Monday, October 09, 2006

Memoirs

I've been reading and enjoying a lot of memoirs lately. Usually, I'm more of a fictional-novel kind of girl, so this is a departure for me (look at me, breaking out of one of my many ruts!). As I'm reading, it occurs to me that it seems to help a great deal, if you wish to write a memoir, to have had an absolutely hideous childhood/adolescence/life in general. My life has been largely hideousness-free, so I'm not sure I have enough material for a real memoir, but I do have a couple stories that may be worth telling. Here's a quick one, as quick is all I have the time or attention span for. Ugh, I hate ending sentences with a preposition, but it just sounds so goofy to say "for which I have the time or attention span."

I went to high school in Forks, Washington - it's almost literally the end of the earth. The northwesternmost town in the continental US, Forks survived on timber alone for its first sixty or so years, and was hit hard when new environmental regulations slowed legal logging to a crawl. It's beautiful, but incredibly isolated (the nearest town is 60 miles away) and tiny (there were about 2,500 residents when I lived there).

One of the local pastimes is hunting, and there are a lot of choices - elk, deer, and black bear are prevalent. I was raised by pacifist parents and am myself a strong proponent of gun control. However - a girl's got to do what a girl's got to do, and I was usually restless to the point of insanity, so when my friends and boyfriends went hunting, I often tagged along.

One August evening, my then-boyfriend and I went out with another couple during bear season. On a whim, we took my boyfriend's mother's station wagon way up into the foothills of the Olympic Mountains, still wearing swimsuits under our clothes after an afternoon swimming a local river. We hadn't been out long when we saw a bear loping across a hillside clearing. My boyfriend took aim with his grandfather's gun and brought the bear down with one shot. He and his friend climbed down from the higher road to where the bear fell to clean it, while my friend and I drove the car around to the low road for easier access.

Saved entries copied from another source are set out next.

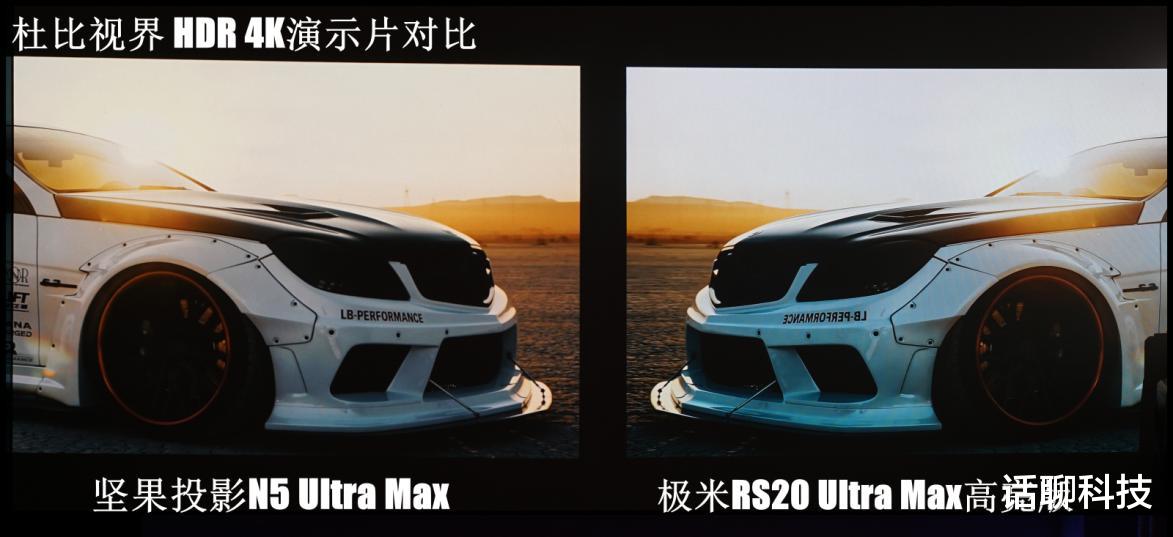 再比如播放杜比视界HDR视频,也能感觉到整体色调,极米偏冷,车头的暗部区域明显蓝色冷调,不自然,坚果相对更色正。下图是播放白色超跑逆光的画面,自己可以去感受一下,你更喜欢哪个的色彩。
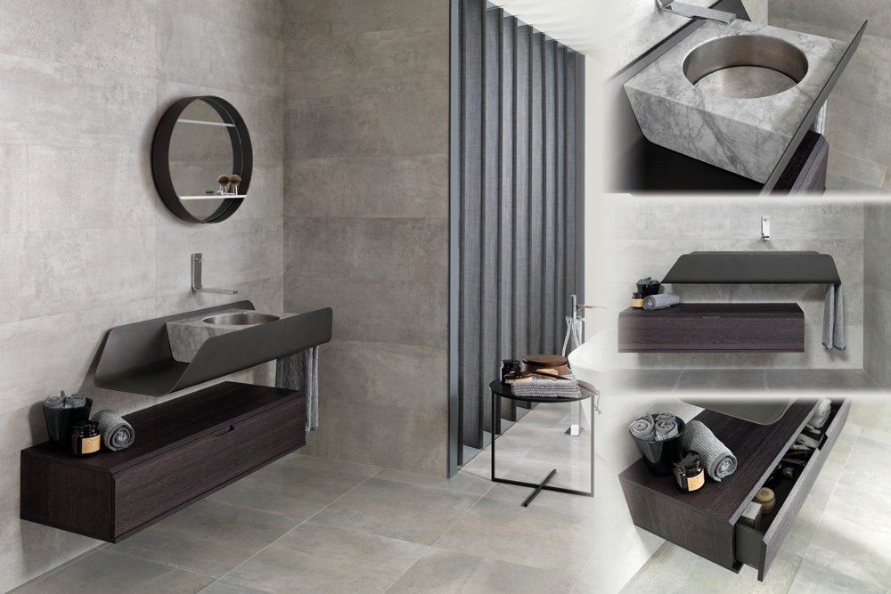 Duna bathroom furniture by Gamadecor shows us how the bathroom of the future will be designed, through its unique shape and pioneering spirit. It amazes because of its elegant combination of materials which conveys authenticity in a contemporary style. Specifically, Duna furniture consists of a channel-shaped aluminium sheet where a natural granite basin manufactured with Folding technology is installed, and it is fitted in the inside gap of the curved sheet so that the material vein is provided with continuity. Regarding the finishes, it is available in a superficial black lacquered epoxy paint and Portobello granite.
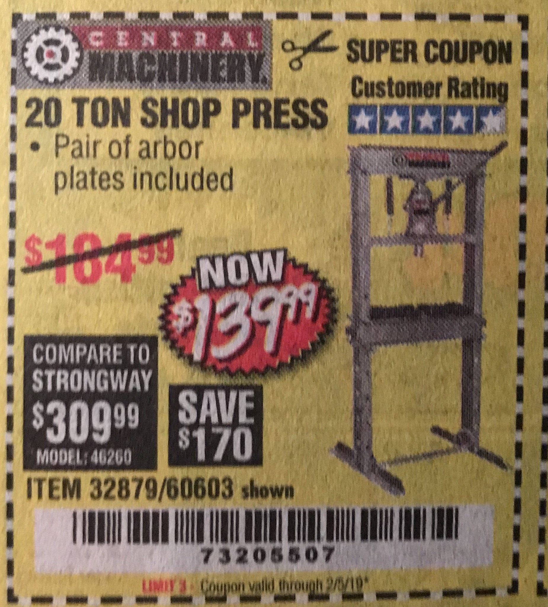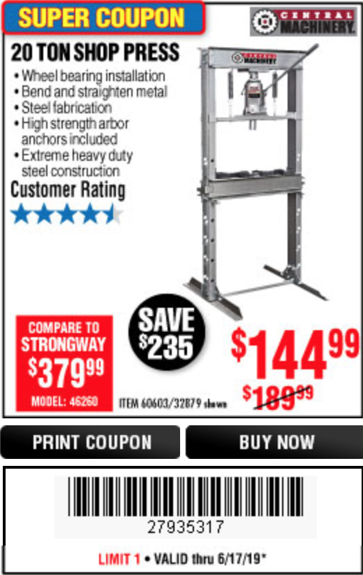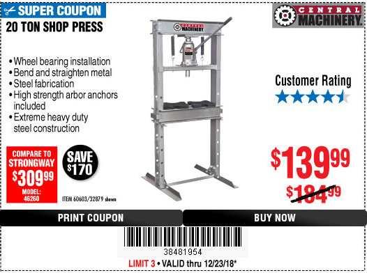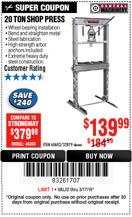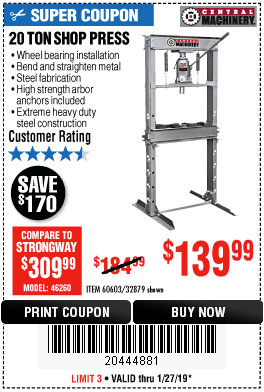 20 TON SHOP PRESS Lot No. 32879/60603 Expired: 2/5/19 - $139.99 Coupon Code: '73205507'
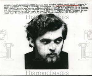 1968 Press Photo Army deserter Michael David Haire at press conference in Sweden
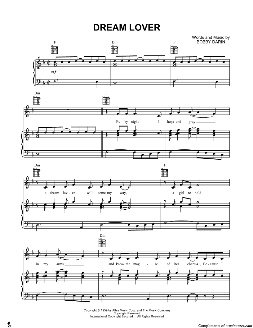 Ev'ry night I hope and pray a dream lover will come my way, a girl to hold in my arms and know the magic of her charms. |

The summer days are long in northern Washington, but the hike up the hill from the car took longer than we anticipated, and we reached the guys under a cerulean sky that seemed chillier than when we arrived. The boys were afire with blood and testosterone, and it felt like a primal celebration. Like I could squint my eyes and see the shadows of ancient man, victorious over nature and assured of survival, however temporary. Our boyfriends began to carry their prize down the hill, but my friend and I were electrified by the night and the kill and the wild boys, and we decided to continue up the hill and have them meet us with the car. We walked, then climbed upward as the slope increased, chattering gaily and carrying the rifles, and were startled near the top by a sudden cascade of pebbles that in turn released a basketball-sized boulder. The boulder crashed through the gun I carried and pinned my leg to the side of the hill, somehow without hurting me. The shock silenced us temporarily, then drove us into teenage girly giggles. Our boyfriends pulled up in the car to find us clutching each other and weeping with laughter.


My boyfriend was unthrilled to find that his grandfather's gun had been shattered in his absence, and I was unthrilled to find that he cared more about a gun than about my leg almost being pulverized by a boulder, but the sun was setting and we were all winding down from high-test giddiness, so we just got in the car with the bear and headed on down the road. About twenty minutes later, just as my boyfriend said "I think I made a wrong turn somewhere," an ominous clunk emanated from the station wagon's front end and we drifted slowly to a stop. The guys got out to look at the engine, but as it was pitch black and they had no fucking idea what they were doing anyway, that didn't get us anywhere, and the bugs drove them back into the car pretty quickly. I don't remember ever being pestered by insects the whole time I lived in Forks except for that one night. We hadn't intended to be out after dark, so we had no supplies at all - no food, water, warm clothes, or entertainment. For a couple hours, we were so desperately bored that we played "guess what time it is" every few minutes, using one boy's digital watch to judge the winner. Our families began searching for us before midnight, but as we had wandered afield of the actual road, they didn't find us until the mountains in the east were rimmed with purple and the bugs had given way to the birds.

That night seemed to last forever, but there was nothing we could do to improve our situation and so no feeling of urgency, except as the smell of the poor dead animal in the back began to permeate our bug-free pocket of air. My boyfriend later had the bear's head mounted and hung on his wall, since he had had to forego the meat after the long night with no refrigeration. And that all seemed normal to me then.

I write this from the perspective of fourteen years of city life - I moved straight from Forks to Los Angeles, and have since lived in Seattle and Baltimore. It's hard to believe now how much time I used to spend off in the woods. Off-season or over-limit, we would spotlight deer or go elk calling, things my husband had never heard of until he met me. My idea of roughing it now is to roll the window down instead of using the air conditioning in the car when the temperature hits 80, in an effort to conserve gas. It's hard to believe I was fourteen and so unconcerned in the wilderness.















Three of the children in front of the big log in downtown Forks last summer.